▸ WHAT THE TASK ASKS: Please give back word for word the lines below, from the first one through the one with "White bass (Morone".

[Dataset excerpts]
- Opening Delimiter -

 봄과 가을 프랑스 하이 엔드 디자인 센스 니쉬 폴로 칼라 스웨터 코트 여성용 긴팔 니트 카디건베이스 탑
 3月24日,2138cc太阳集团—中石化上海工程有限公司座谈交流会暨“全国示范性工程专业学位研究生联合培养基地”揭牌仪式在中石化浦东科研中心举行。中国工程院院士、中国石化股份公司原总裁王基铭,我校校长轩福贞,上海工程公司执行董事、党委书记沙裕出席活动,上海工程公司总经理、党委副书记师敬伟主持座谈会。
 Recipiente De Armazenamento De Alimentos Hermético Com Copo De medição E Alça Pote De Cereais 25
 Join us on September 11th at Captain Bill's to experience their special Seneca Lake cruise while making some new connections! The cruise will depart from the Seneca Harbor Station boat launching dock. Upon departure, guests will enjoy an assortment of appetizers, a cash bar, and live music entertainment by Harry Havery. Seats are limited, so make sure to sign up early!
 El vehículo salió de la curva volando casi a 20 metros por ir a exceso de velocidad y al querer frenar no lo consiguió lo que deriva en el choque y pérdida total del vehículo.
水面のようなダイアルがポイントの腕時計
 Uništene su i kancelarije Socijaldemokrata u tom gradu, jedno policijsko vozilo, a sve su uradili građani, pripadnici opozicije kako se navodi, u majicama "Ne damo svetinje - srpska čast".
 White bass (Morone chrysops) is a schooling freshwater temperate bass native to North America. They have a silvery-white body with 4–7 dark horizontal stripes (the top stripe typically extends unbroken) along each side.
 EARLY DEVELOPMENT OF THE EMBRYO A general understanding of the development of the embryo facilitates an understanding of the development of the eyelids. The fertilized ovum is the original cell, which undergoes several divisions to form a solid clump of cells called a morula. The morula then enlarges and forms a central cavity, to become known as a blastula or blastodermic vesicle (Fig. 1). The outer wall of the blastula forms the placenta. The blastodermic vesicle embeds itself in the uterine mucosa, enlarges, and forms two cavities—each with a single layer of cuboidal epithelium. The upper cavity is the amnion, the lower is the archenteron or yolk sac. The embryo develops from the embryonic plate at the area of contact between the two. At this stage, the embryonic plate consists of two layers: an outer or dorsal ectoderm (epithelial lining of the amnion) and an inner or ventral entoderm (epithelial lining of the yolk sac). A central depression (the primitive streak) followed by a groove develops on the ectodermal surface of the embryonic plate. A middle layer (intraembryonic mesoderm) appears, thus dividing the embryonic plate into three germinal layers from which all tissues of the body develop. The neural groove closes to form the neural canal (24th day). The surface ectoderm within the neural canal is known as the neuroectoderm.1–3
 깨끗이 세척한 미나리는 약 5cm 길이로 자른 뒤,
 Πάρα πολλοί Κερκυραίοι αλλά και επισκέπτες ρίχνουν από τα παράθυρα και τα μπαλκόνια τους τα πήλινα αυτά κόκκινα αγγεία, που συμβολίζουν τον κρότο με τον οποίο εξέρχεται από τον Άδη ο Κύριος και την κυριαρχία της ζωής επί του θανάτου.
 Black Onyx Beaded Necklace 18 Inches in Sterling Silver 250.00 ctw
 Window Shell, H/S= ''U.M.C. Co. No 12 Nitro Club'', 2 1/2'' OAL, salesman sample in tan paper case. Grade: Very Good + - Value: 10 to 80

- Closing Delimiter -

▸ TASK SOLUTION:
 봄과 가을 프랑스 하이 엔드 디자인 센스 니쉬 폴로 칼라 스웨터 코트 여성용 긴팔 니트 카디건베이스 탑
 3月24日,2138cc太阳集团—中石化上海工程有限公司座谈交流会暨“全国示范性工程专业学位研究生联合培养基地”揭牌仪式在中石化浦东科研中心举行。中国工程院院士、中国石化股份公司原总裁王基铭,我校校长轩福贞,上海工程公司执行董事、党委书记沙裕出席活动,上海工程公司总经理、党委副书记师敬伟主持座谈会。
 Recipiente De Armazenamento De Alimentos Hermético Com Copo De medição E Alça Pote De Cereais 25
 Join us on September 11th at Captain Bill's to experience their special Seneca Lake cruise while making some new connections! The cruise will depart from the Seneca Harbor Station boat launching dock. Upon departure, guests will enjoy an assortment of appetizers, a cash bar, and live music entertainment by Harry Havery. Seats are limited, so make sure to sign up early!
 El vehículo salió de la curva volando casi a 20 metros por ir a exceso de velocidad y al querer frenar no lo consiguió lo que deriva en el choque y pérdida total del vehículo.
水面のようなダイアルがポイントの腕時計
 Uništene su i kancelarije Socijaldemokrata u tom gradu, jedno policijsko vozilo, a sve su uradili građani, pripadnici opozicije kako se navodi, u majicama "Ne damo svetinje - srpska čast".
 White bass (Morone chrysops) is a schooling freshwater temperate bass native to North America. They have a silvery-white body with 4–7 dark horizontal stripes (the top stripe typically extends unbroken) along each side.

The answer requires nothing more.